Several studies have been reported on glycosylation of flavonoids. For example, nucleic acids encoding enzymes that ctalyze a reaction to transfer a glucose molecule to a hydroxyl group at the 3-position of anthocyanidins have been cloned from snapdragon, gentian, perilla, barley, and corn (e.g. Tanaka et al. (1996) Plant Cell Physiol., 37, p. 711). Also, nucleic acids encoding enzymes that catalyze a reaction to transfer glactose to a hydroxyl group at the 3-position of anthocyanidins have been cloned from vigna mungo, and petunia (Mato et al. (1998) Plant Cell Physiol. 39, p. 1145; Miller et al. (1999) J. Biol. Chem. 273, p. 34011).
Nucleic acids encoding enzymes that catalyze a reaction to transfer glucose to a hydroxyl group at 5-position of anthocyanins have been cloned from perilla, verbena, and torenia (WO99/05287).

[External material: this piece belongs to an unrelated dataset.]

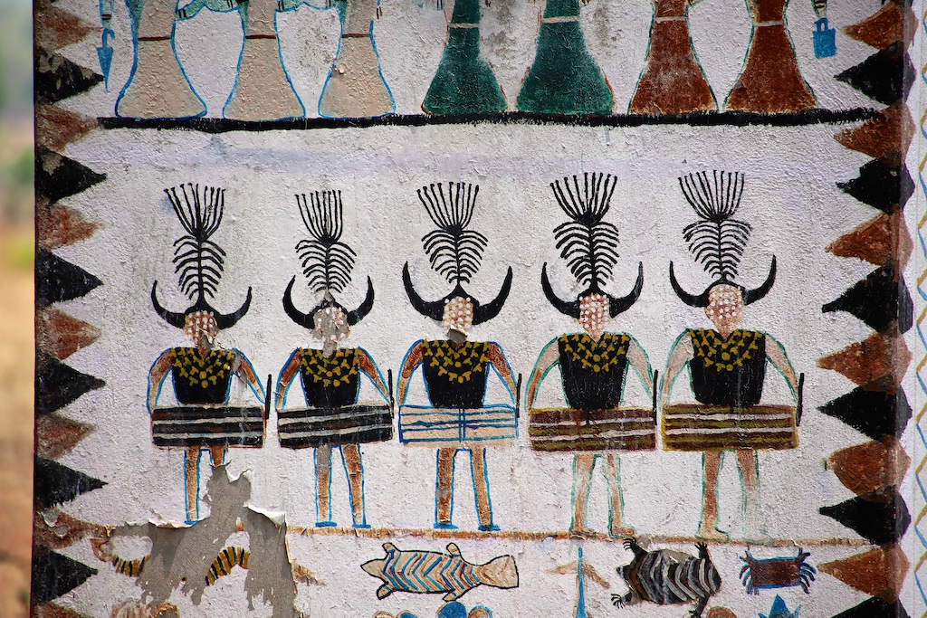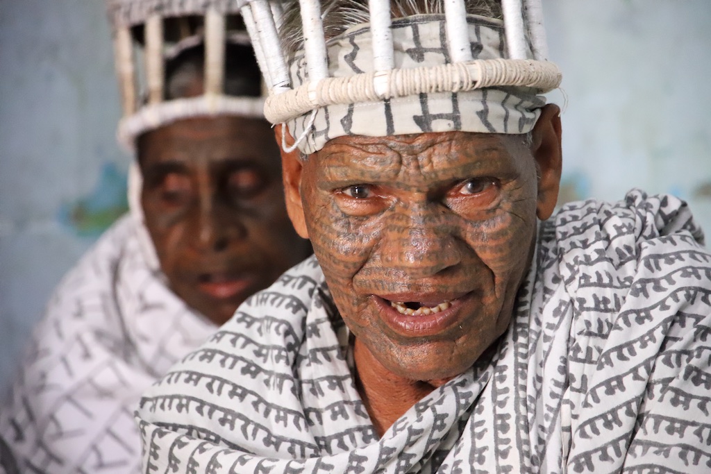 Les membres de la tribu portent des tatouages sur les mains et le front et de nombreuses boucles d’oreilles …les anneaux de nez sont générallement en or.

A nucleic acid encoding enzymes that catalyze a reaction to transfer rhamnose to anthocyanidin 3-glucoside has been cloned from petunia (Brugliera et al. (1994) Plant J. 5, p. 81).

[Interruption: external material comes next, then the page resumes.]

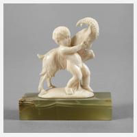 Erbach, um 1920, Elfenbein fein geschnitzt, Darstellung eines kleinen Knaben beim Bändigen eines Ziegenbocks, auf schmalem Sockel aus grünem Onyx, H 8 cm.

Also, a nucleic acid encoding enzymes that catalyze a reaction to transfer glucose to a hydroxyl group at the 7-position of flavonoids has been cloned from Scutellaria baicalensis, and it has been reported that a protein obtained by expressing this gene in Escherichia coli also catalyzes a reaction to transfer glucose to a hydroxyl group at the 7-position of flavonoids (Suzuki et al. (2000) Plant 210, p. 1006). A nucleic acid encoding enzymes that catalyze a reaction to transfer glucose to a hydroxyl group at the 5-position of betanidine has been cloned, and a protein obtained by expressing this gene in Escherichia coli catalyzes a reaction to transfer glucose to a hydroxyl group at the 4′- and 7-positions of flavonoids (Vogt et al. (1999) Plant J. 19:509–519).
However, there has been no report on nucleic acid encoding enzymes that catalyze a reaction to transfer a glucose to the 3′-position of anthocyanins, and activity of such a enzyme has not been measured. No such enzyme has been purified, nor has any nucleic acid encoding such an enzyme ever been cloned. Glycosyltransferase may catalyze reactions of transferring glucose to plural hydroxy groups, as described above. However, in order to accumulate a target anthocyanin in a plant, it is necessary to use an enzyme exhibiting high substrate-specificity.